→ Description of the task
Go through the records below and set each one down exactly, leaving out any pictures.

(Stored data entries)

⁂

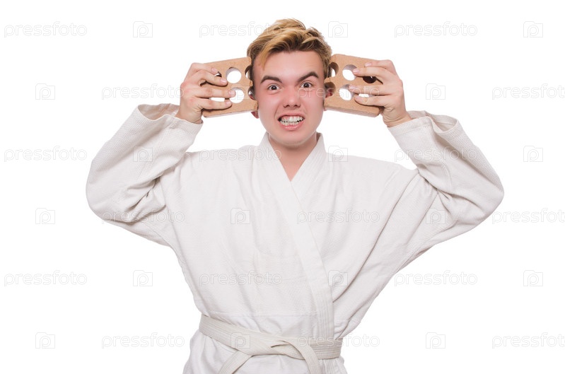 Каратист ломает кирпичи
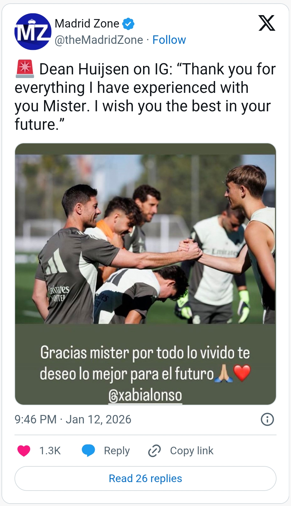 بينما كتب المدافع الشاب دين هويسن: "شكراً لك يا مدرب على كل ما تشاركناه، أتمنى لك كل التوفيق في المستقبل"، وشكره أيضاً راؤول أسينسيو معتبراً أنه "يستحق الأفضل".
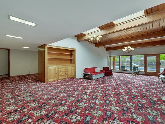 This Mid-Century Modern style ranch home was built 70 years ago in one of the cities premier neighborhoods just north of WSU and the old Crestview CC golf course. Located within easy walking distance of Brooks Magnet Middle School, today the property sits atop a collection of unique one of a kind homes of a by-gone era. There is plenty of space and room here for everyone--with cozy, welcoming special features such as 3 fireplaces, 5 generously sized bedrooms, cedar closets, and three baths. Your favorite room will be the huge 440 sq ft Great Room with sky lights & knotty pine ceiling beams; but the real eye catcher is the way the room overlooks the beautiful, well-kept 9 ft deep swimming pool (salt). There's also a fantastic 400 sq ft Rec Room that boasts a kitchenette and hidden storage cupboards. And the yard!--even with the large pool, there is plenty of green space here for play, gardening, outbuildings, or whatever you need--a few commercial grade playground equipment remain in the back corner of the secluded yard. The circle drive in front is conveniently located on a quiet street north of WSU and only 1.5 miles south of Koch Industries, this home is ready for its second family. Note - This home has proved to have special appeal to the mid-century modern enthusiast. Much of it remains in its original yet good condition, including tons of built-ins shelving and woodwork crafted out of knotty pine, etc. Must be seen to be appreciated.
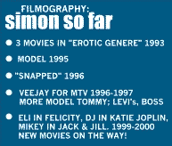 Simon is a very good artist. I don't think anyone mentions that. Carrer: A model for such brands as Tommy Hilfiger, Levi’s, and Boss. His girlfriend, who was a model brought him up to the studio, and thats the way he became a model! He has been an mtv-vj and a Disney-guy for the teen section. He was fired from Disney because of his past, then moved on into acting…He’s starred in a independant movie called ”Snapped”, where he plays a role as himself. He just finnished his role in the movie "I know what you screamed last summer". Unfortunately, this movie will not air in theatres, it was too similar to the more popular "Scary Movie". Now he's in the recording of movie "Forsaken" coming to a theatre near you in the beginning of next year. Simon has also made appearances in some tv-shows (like ya didunt know) - Felicity, Katie Joplin and Jack & Jill where he plays Mikey....there are some pictures of him in some scenes in the album. Funny
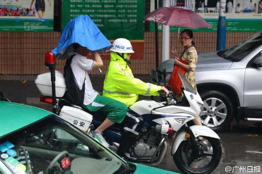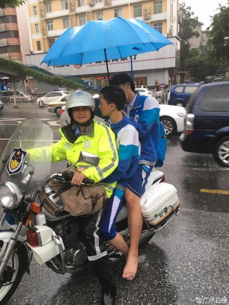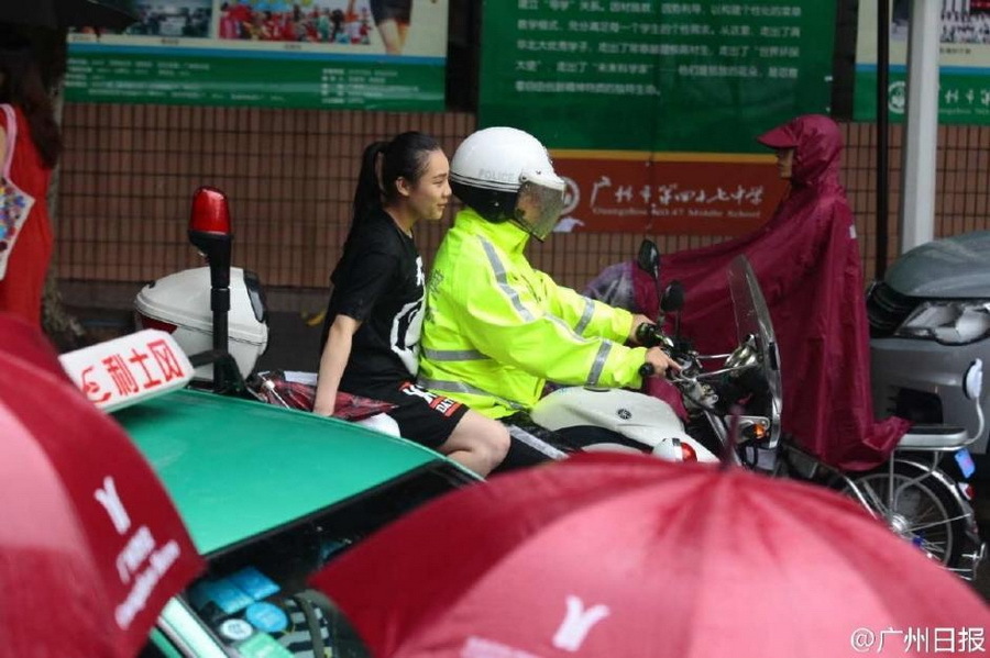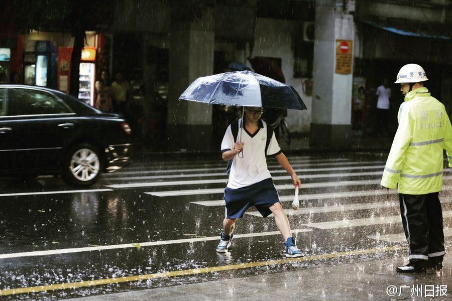 6月8日是高考第二天,却不似昨日天公作美,下起了暴雨。供图:广州日报官方微博

⁂

→ Result
 Каратист ломает кирпичи
 بينما كتب المدافع الشاب دين هويسن: "شكراً لك يا مدرب على كل ما تشاركناه، أتمنى لك كل التوفيق في المستقبل"، وشكره أيضاً راؤول أسينسيو معتبراً أنه "يستحق الأفضل".
 This Mid-Century Modern style ranch home was built 70 years ago in one of the cities premier neighborhoods just north of WSU and the old Crestview CC golf course. Located within easy walking distance of Brooks Magnet Middle School, today the property sits atop a collection of unique one of a kind homes of a by-gone era. There is plenty of space and room here for everyone--with cozy, welcoming special features such as 3 fireplaces, 5 generously sized bedrooms, cedar closets, and three baths. Your favorite room will be the huge 440 sq ft Great Room with sky lights & knotty pine ceiling beams; but the real eye catcher is the way the room overlooks the beautiful, well-kept 9 ft deep swimming pool (salt). There's also a fantastic 400 sq ft Rec Room that boasts a kitchenette and hidden storage cupboards. And the yard!--even with the large pool, there is plenty of green space here for play, gardening, outbuildings, or whatever you need--a few commercial grade playground equipment remain in the back corner of the secluded yard. The circle drive in front is conveniently located on a quiet street north of WSU and only 1.5 miles south of Koch Industries, this home is ready for its second family. Note - This home has proved to have special appeal to the mid-century modern enthusiast. Much of it remains in its original yet good condition, including tons of built-ins shelving and woodwork crafted out of knotty pine, etc. Must be seen to be appreciated.
 Simon is a very good artist. I don't think anyone mentions that. Carrer: A model for such brands as Tommy Hilfiger, Levi’s, and Boss. His girlfriend, who was a model brought him up to the studio, and thats the way he became a model! He has been an mtv-vj and a Disney-guy for the teen section. He was fired from Disney because of his past, then moved on into acting…He’s starred in a independant movie called ”Snapped”, where he plays a role as himself. He just finnished his role in the movie "I know what you screamed last summer". Unfortunately, this movie will not air in theatres, it was too similar to the more popular "Scary Movie". Now he's in the recording of movie "Forsaken" coming to a theatre near you in the beginning of next year. Simon has also made appearances in some tv-shows (like ya didunt know) - Felicity, Katie Joplin and Jack & Jill where he plays Mikey....there are some pictures of him in some scenes in the album. Funny
 6月8日是高考第二天,却不似昨日天公作美,下起了暴雨。供图:广州日报官方微博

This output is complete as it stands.